The problem Bangladesh is facing did not happen suddenly or because of the Ukraine-Russia war but because of poor choices.

"In particular, our macro management has been unnecessarily complicated by a number of domestic economic policies, such as the fixed exchange rate regime, fixed interest rate regime for quite a number of years. And that was kept fixed, despite the changing global economic and financial environment."

Maintaining a virtually fixed exchange rate regime for more than a decade, despite relatively high inflation compared to the trading partners and competitors, eroded Bangladesh's competitiveness and created other problems.

The fight against inflation remained virtually unattended after fixing the interest rate. After that, the central bank had no other monetary policy instrument to influence inflation outcomes.
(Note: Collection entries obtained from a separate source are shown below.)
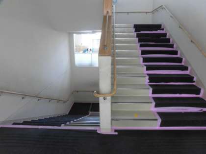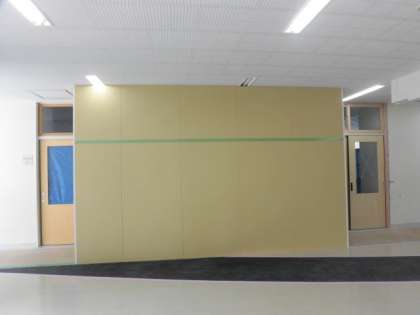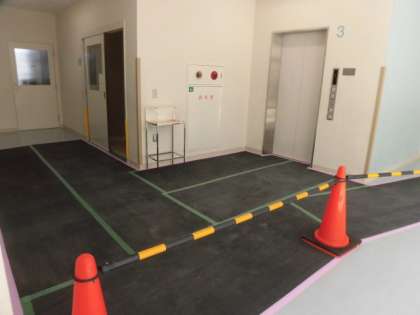給食室改修工事の他に、校内で工事が行われています。「第二図工室(仮称)」です。これまで3階の教材室と作品置き場だったところを一緒にして教室を作っています。子どもたちの安全を最優先にして工事を進めていきます。また、植物階段は、工事関係者が通るための道として、黒いビニールシートを敷いています。子どもたちも歩くことができます。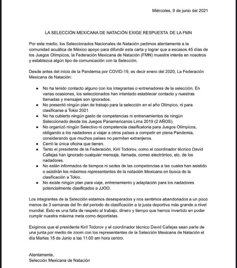 “Desde enero de 2020, la Federación Mexicana de Natación no ha tenido contacto alguno con los integrantes o entrenadores de la selección. En varias ocasiones, los seleccionados han intentado establecer contacto y nuestras llamadas y mensajes son ignorados. No presentó ningún plan de trabajo para la selección en el año olímpico, ni para clasificarse a Tokio 2021. No ha cubierto ningún gasto de competencias, ni entrenamientos de ningún seleccionado desde los Juegos Panamericanos Lima 2019.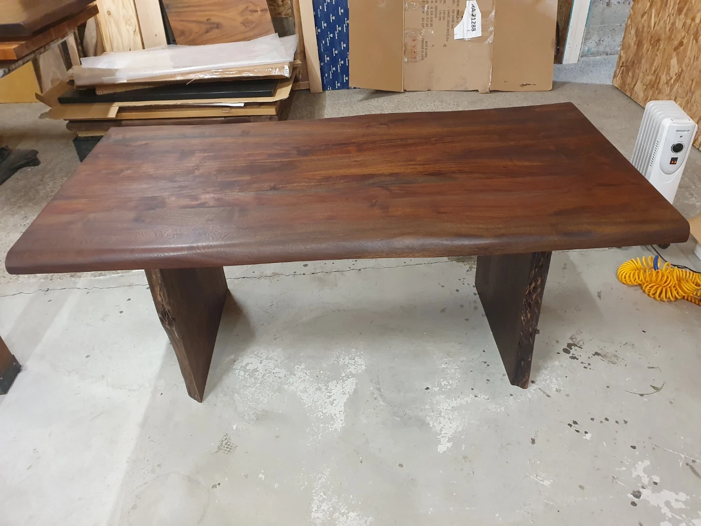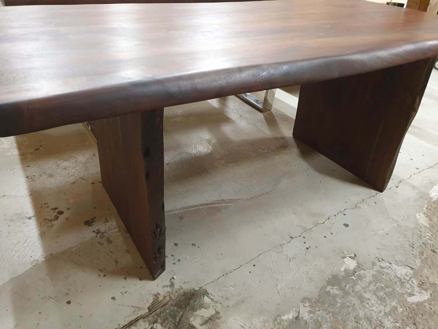 Beautiful solid wood dining table with a live edge. This piece showcases the natural beauty of the wood grain. Its sturdy construction makes it a functional centrepiece for any dining room.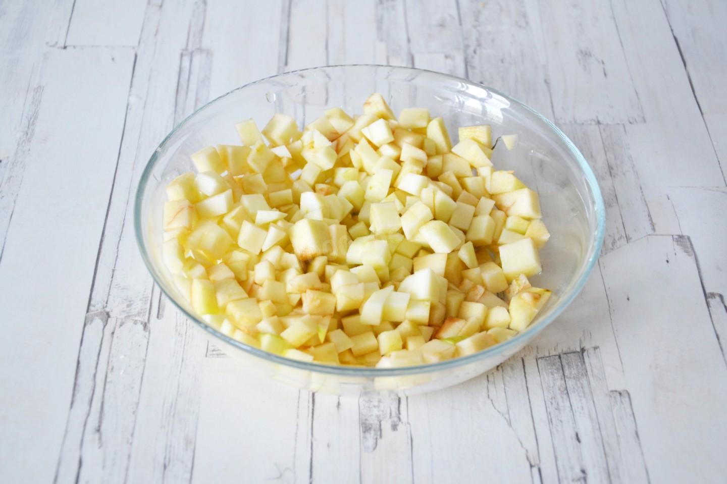 Яблоки вымыть, обсушить. Очистить от кожуры и семян и нарезать маленькими кубиками.

At the same time, in addition to liquidity support provided at the time of the pandemic, Bangladesh Bank printed quite a large amount of bills to finance budget spending.

"In my view, there was a complete disregard for inflation from a central bank perspective, relying on the hope that an improved domestic supply situation will help contain inflation. God bless us."

The low tax collection coupled with other structural problems has diminished the government's capacity to cope with the macroeconomic challenges and meet the political aspirations of the government.

"Generally, it is expected that the tax-GDP ratio increases in line with the increase in per capita income. Bangladesh, despite being close to India in per capita income, has a much lower tax/GDP ratio. Despite having much higher per capita income, Bangladesh's tax-GDP ratio is lower than that of Pakistan."